*** Listed records Section Begins ***

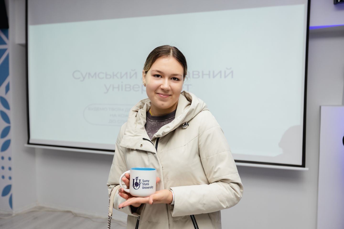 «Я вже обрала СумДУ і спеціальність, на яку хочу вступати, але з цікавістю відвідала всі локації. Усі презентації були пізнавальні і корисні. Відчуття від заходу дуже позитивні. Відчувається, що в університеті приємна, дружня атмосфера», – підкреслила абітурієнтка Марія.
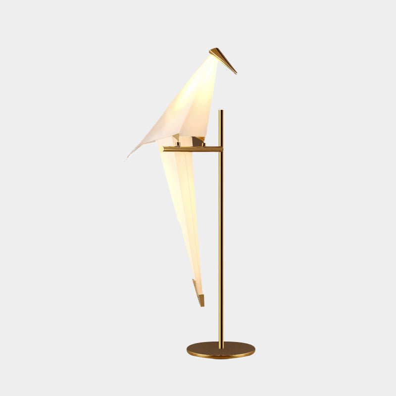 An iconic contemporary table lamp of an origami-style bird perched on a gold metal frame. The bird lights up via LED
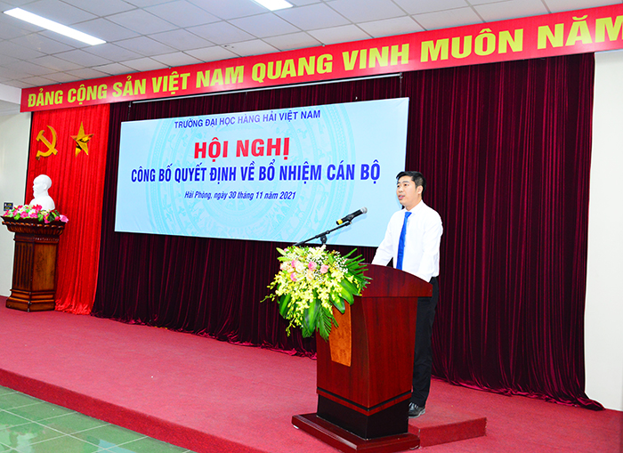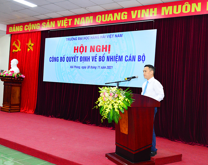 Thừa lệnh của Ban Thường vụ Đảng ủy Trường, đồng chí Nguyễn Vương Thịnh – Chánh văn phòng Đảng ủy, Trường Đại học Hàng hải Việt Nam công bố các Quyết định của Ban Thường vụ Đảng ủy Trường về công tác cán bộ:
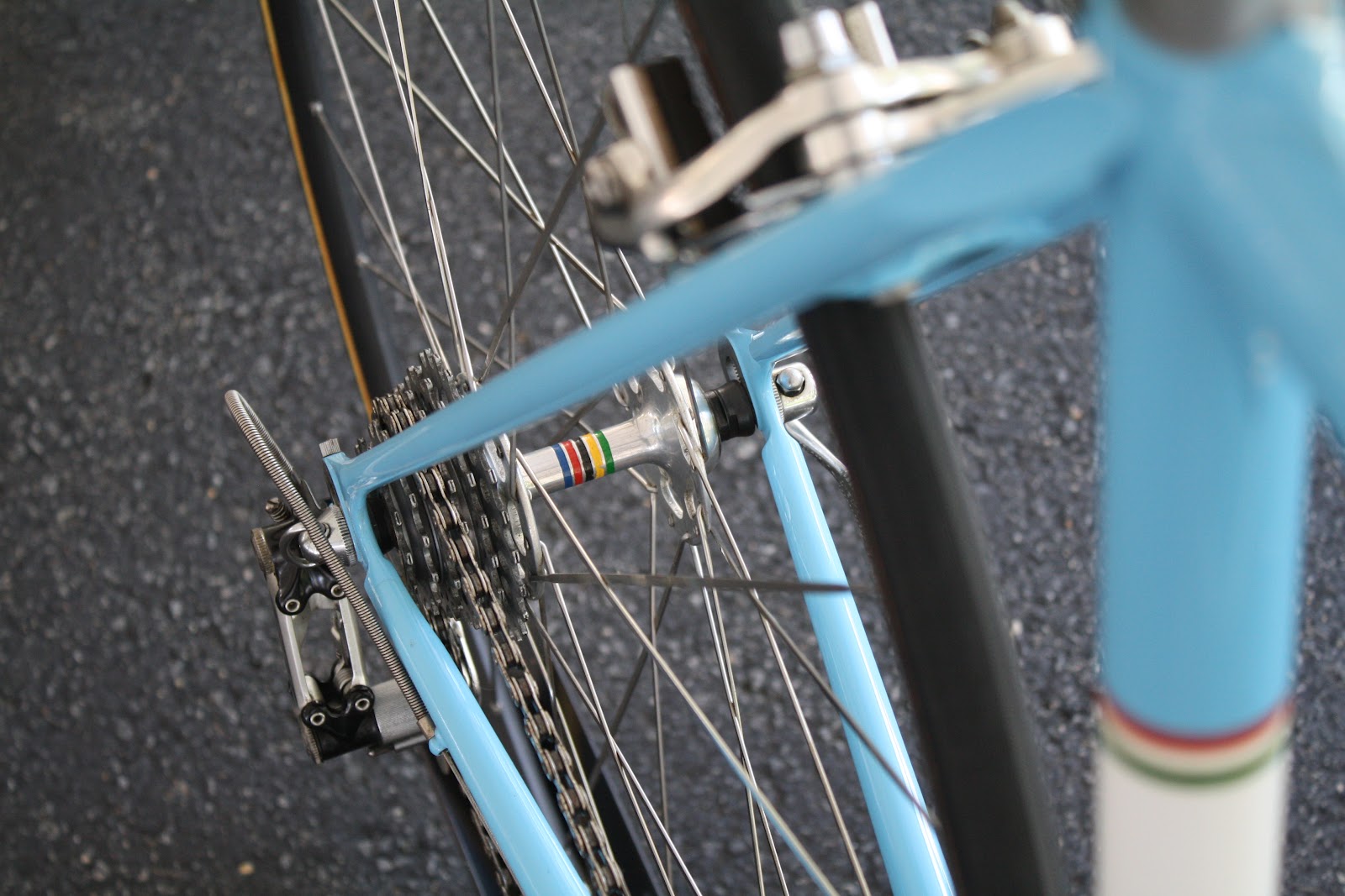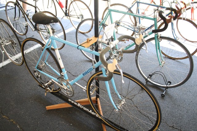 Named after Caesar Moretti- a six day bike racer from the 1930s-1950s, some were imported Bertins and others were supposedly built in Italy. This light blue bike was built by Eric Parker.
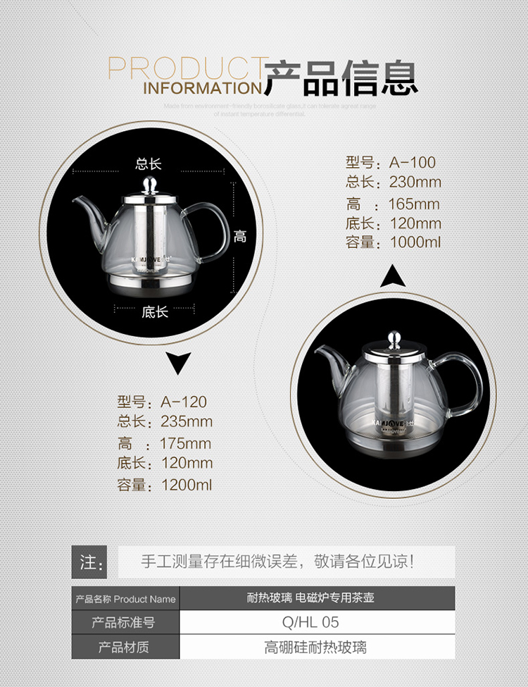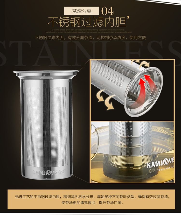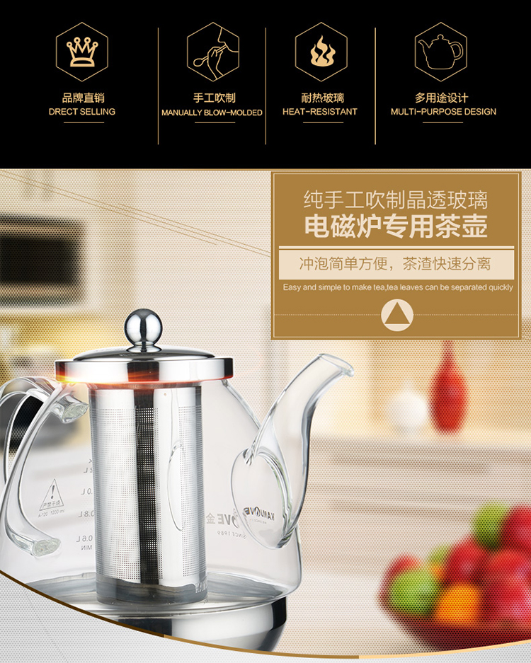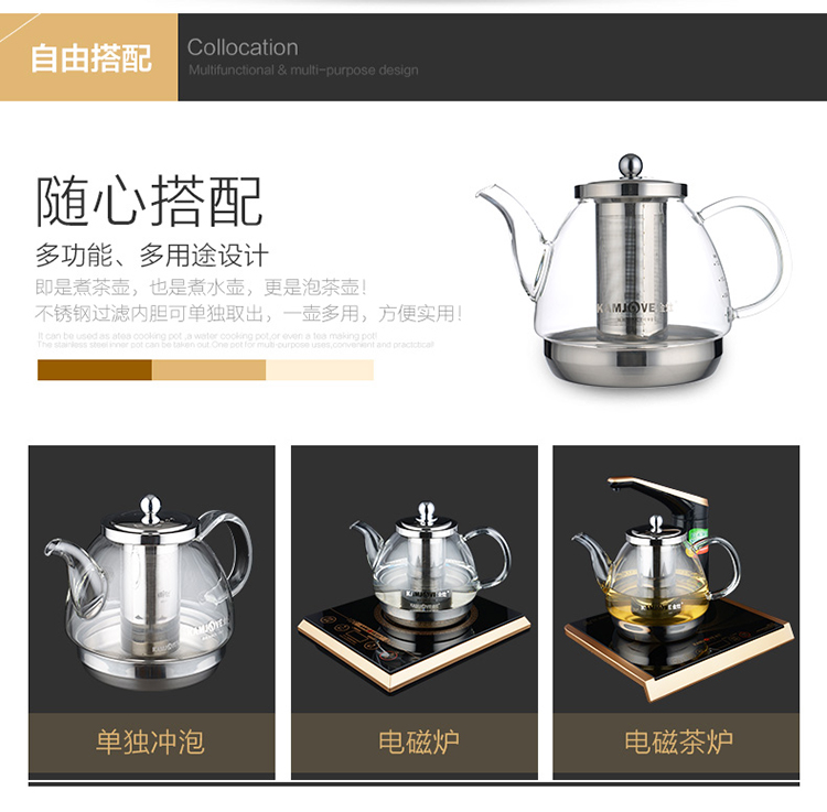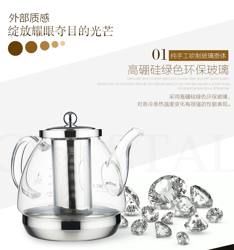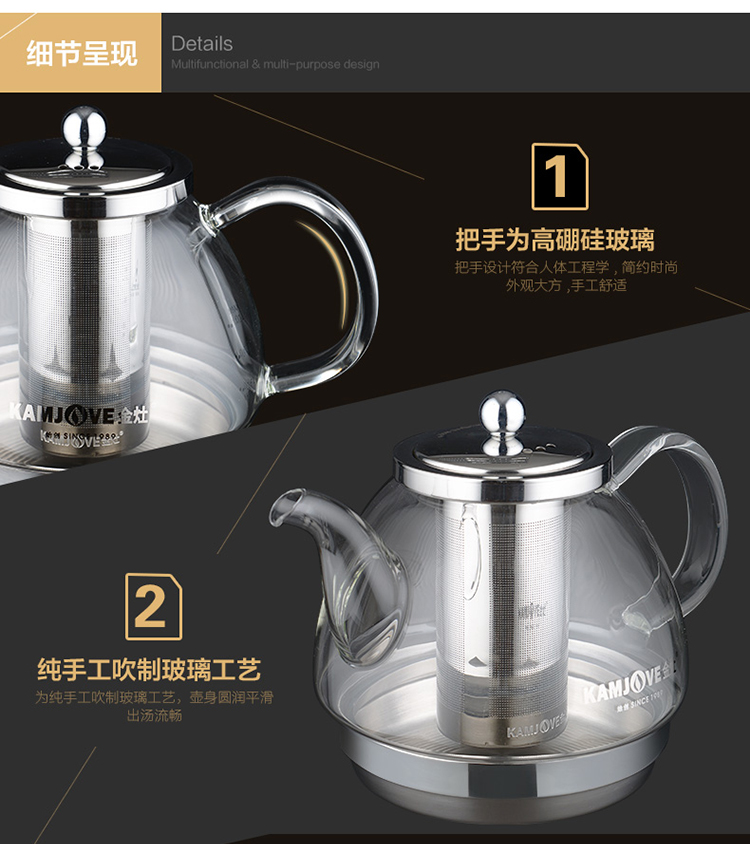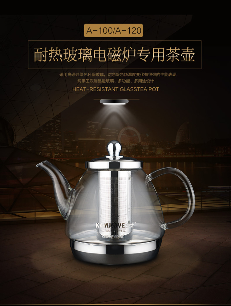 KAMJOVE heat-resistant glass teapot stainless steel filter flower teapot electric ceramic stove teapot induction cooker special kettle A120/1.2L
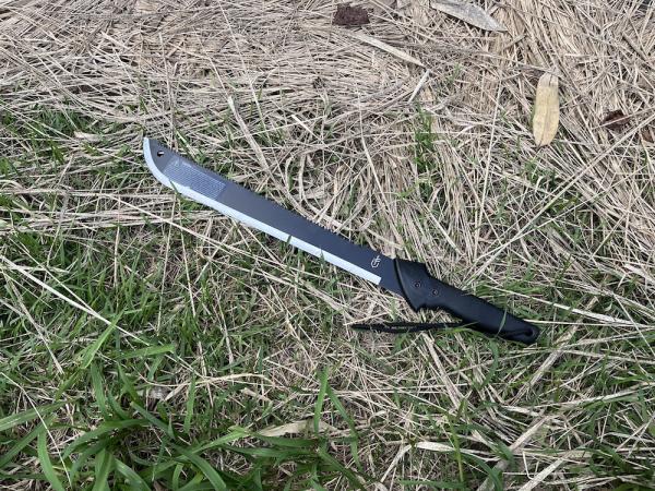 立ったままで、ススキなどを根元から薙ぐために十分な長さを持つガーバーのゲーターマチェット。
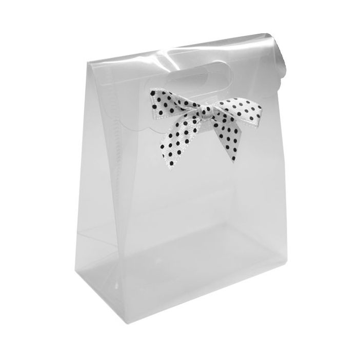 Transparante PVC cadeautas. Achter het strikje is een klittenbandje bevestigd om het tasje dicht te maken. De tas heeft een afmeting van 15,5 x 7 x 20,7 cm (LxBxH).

*** Listed records Section Ends ***

● About this exercise: Look for the line that contains "KAMJOVE heat-resistant glass", then please copy it and the rest of the lines through the end of the data, pictures excluded.

● Output for this exercise:
 KAMJOVE heat-resistant glass teapot stainless steel filter flower teapot electric ceramic stove teapot induction cooker special kettle A120/1.2L
 立ったままで、ススキなどを根元から薙ぐために十分な長さを持つガーバーのゲーターマチェット。
 Transparante PVC cadeautas. Achter het strikje is een klittenbandje bevestigd om het tasje dicht te maken. De tas heeft een afmeting van 15,5 x 7 x 20,7 cm (LxBxH).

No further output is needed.